For example, if the A/D is designed to take v samples per second, and it switchable between N different points, the RC filter should have the characteristic integration time of about N/v microseconds, which may be accomplished by resistance R and capacitance C values corresponding to RC≈N/v. The simple filter of RC type is given as a non-limiting example, any other architecture of low-pass filter may be used.



FIG. 4 is a flow chart of the design of power efficient software. 410 is the stage of the design and coding of the software. In the case when the same software block can be implemented in several ways, or developed for two or more different processing cores, the engineer can design and implement several possible variants in order to compare their power performance in stage 415. Power profiling is the procedure of tagging of software blocks, its procedures and commands with the ‘energy tag’—indicating the measured energy for their execution. Energy for execution of a block is the consumed electrical power integrated over execution time.

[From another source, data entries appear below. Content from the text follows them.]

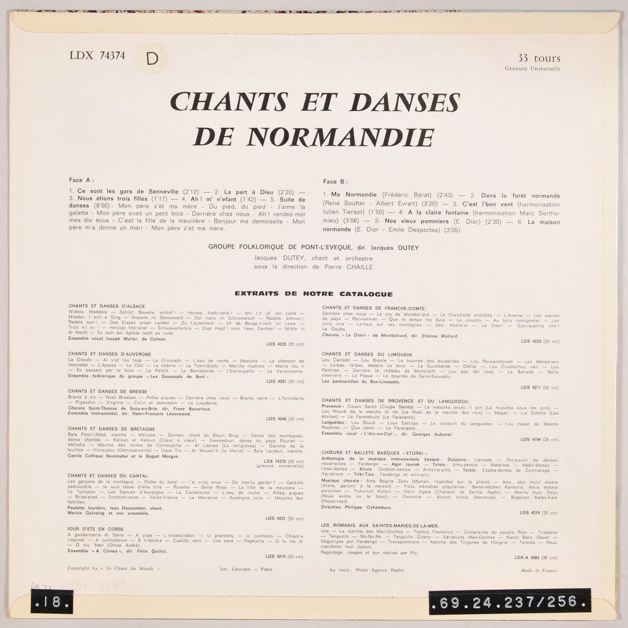 disque 33 tours, Ah! M'efant, Nos vieux pommiers, Ce sont les gars de Senneville, Ma Normandie, C'est l'bon vent, La maison normande, Chants et danses de Normandie, Dans la forêt normande, La part à Dieu, A la claire fontaine, Nous étions trois filles
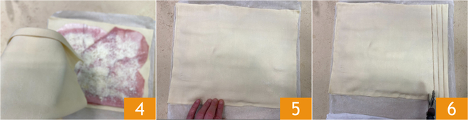 Recouvrez avec le second rouleau de pâte feuilletée 4 et scellez les bords en pressant avec les doigts 5. À l'aide d'une roulette à pâtisserie, découpez des bandes d'environ 1 cm de large 6.
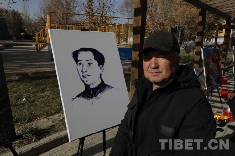來到作畫區(qū)域,首先吸引記者注意的便是身穿黑衣、頭戴灰帽的西爾艾力·艾買提老人。在雪白的畫布前,老人用藍色和墨色顏料深淺描繪,勾勒出我們最熟悉的面孔。他向我們介紹說:“我畫的是我們偉大的毛主席年輕時候。沒有毛主席,我們中國人的生活不是這個樣子的,我很感恩他。我畫毛主席就是想讓更多人看見,讓他的故事得到更好的緬懷。”
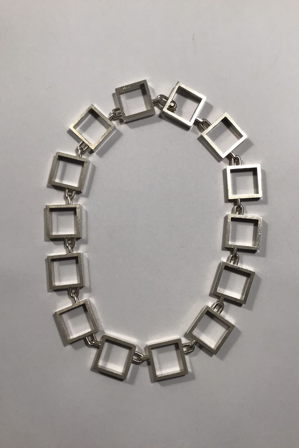 Hans Hansen Sterling Silver Necklace Measures 40.5 cm( 15 15/16 in) Weight 133.3 gr/4.70 oz(The "squares" measure 2 cm x 2 cm/0 25/32 in x 0 25/32 in)
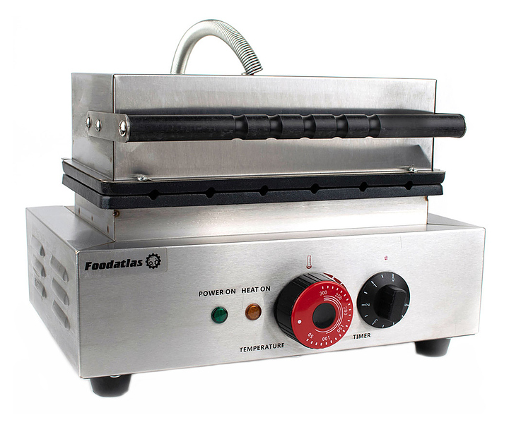 Аппарат для корн-догов Foodatlas EB-Q1 Eco используется на предприятиях общественного питания и торговли для приготовления хрустящих сосисок в тесте. Модель оснащена терморегулятором. Рабочая поверхность быстро разогревается, подпекая тесто. Характеристики:

Power profiling helps understanding the way of power consumption by various parts of software in their execution on various parts of hardware. The results of power profiling allow to choose the most efficient software solutions in 420, run and compile the software blocks on the most appropriate computation cores, localize and improve the power-burners—the parts of the software wasting the most of the electric power for their computation.


If the results are judged as not satisfying in 425, the design procedure repeated iteratively from 410, otherwise the power optimization is completed in 430.



FIG. 5 is a flow chart illustrating power optimization during the compilation. Compiler optimization to maximize the speed or minimize the used memory are known in the art. Here we disclose a novel compiler optimization, aimed to minimize the energy consumed during the program execution. In step 510 the program is compiled. The compilation uses the database of execution energy 515, which stores the execution energy for binary commands, and sequences of commands.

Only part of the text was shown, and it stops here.